Every few pages, the text wraps around a complementary photo, often of a setting she has described or of an illustrative cartoon (not her own).
But there’s more. This is a spiritual journey of a satirist, someone who jabs at human and institutional foibles with wit that can be caustic, but, in its best forms, redemptive. Garrison writes from the vantage point of middle age. As the book progresses, the reader “hears” a more reasoned and seasoned voice, the voice of a woman who is listening more to the Spirit who speaks with a still voice.
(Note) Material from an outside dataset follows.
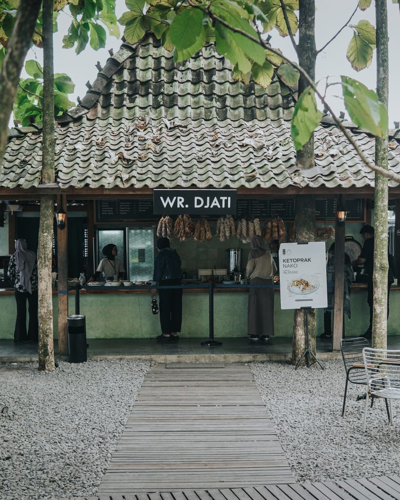 Tidak hanya sekadar tempat ngopi, Kopi Nako Kebon Jati juga menyediakan berbagai pilihan makanan dan minuman. Bagi yang ingin menikmati sajian makanan berat, ada Warung Djati dengan aneka hidangan lokal. Lalu ada ES, gerai khusus minuman segar, termasuk beragam jus seperti jus mangga yang segar dan tidak terlalu manis, cocok untuk diminum saat cuaca terik. Tak ketinggalan Bakso Djati yang menawarkan menu bakso dan siomay, pas untuk mengganjal perut. Kopi Nako Kebon Jati benar-benar menghadirkan pengalaman kuliner yang lengkap dan menyenangkan, terutama bagi mereka yang menginginkan suasana santai di tengah alam.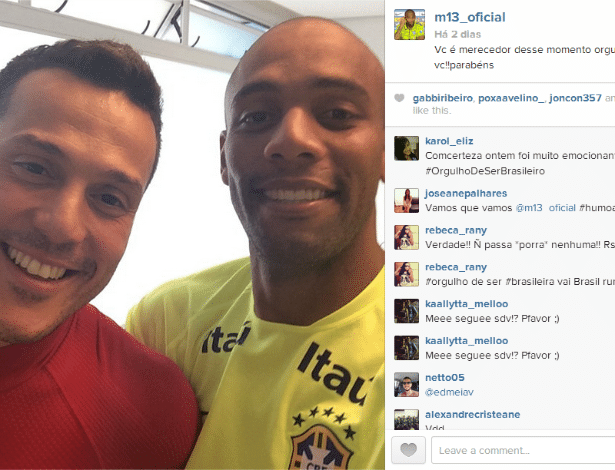 - 16.jun.2014 - O período de convivência na concentração também cria muitas amizades. O atacante Bernard escreveu para David Luiz: cada vez mais fã de você Reprodução/Instagram Mais

She starts looking for ways to draw believers together rather than sitting in separate rooms, and grows closer to Christ who draws us to His table.
This isn’t to say she has lost the “edge” of a satirist. There’s something here to offend most every Christian or Christian community. Garrison is opinionated and sometimes flip.
One of the best chapters, titled “Rogue Relative,” gives a very personal historical perspective to freedom-of-religion issues. Garrison can trace branches of her ancestry to the Mayflower and, more interestingly, to Roger Williams; because of his liberty-of-conscious views, Massachusetts Governor John Winthrop banished Williams to “Rogue” or Rhode Island. Toward the end of the chapter, Garrison asks, “If Williams and Winthrop can shake hands at the end of the day, what prevents me from extending the hand of compassion and love toward those who drive me nutso? Here’s where Christ has to enter the picture because I can’t do this radical-love biz on my own.”
Much, not all, of her this-side-of-the-Atlantic “conversation” seems to be with or about influential people (primarily men, she points out) who are players in various contemporary models of the church. Pointedly illustrating this, one cartoon pokes fun at a gathering of “influential emerging church bloggers.” If you don’t know the contextual meaning of “emerging church,” “New Monasticism,” “postmodernity,” “emergence,” or “missional” (a word that’s not in dictionaries), you might not hold on to the end of this book. But if you are familiar with these terms and have any interest in discussions of their demerits or merits, JESUS DIED FOR THIS? is for you.
If you think this review is a little scattered, well, let me return to my opening sentence: the book is hard to categorize. It’s a collection of essays by a woman with a critical eye on the well-being of the Christian church. My introduction to her work is long overdue.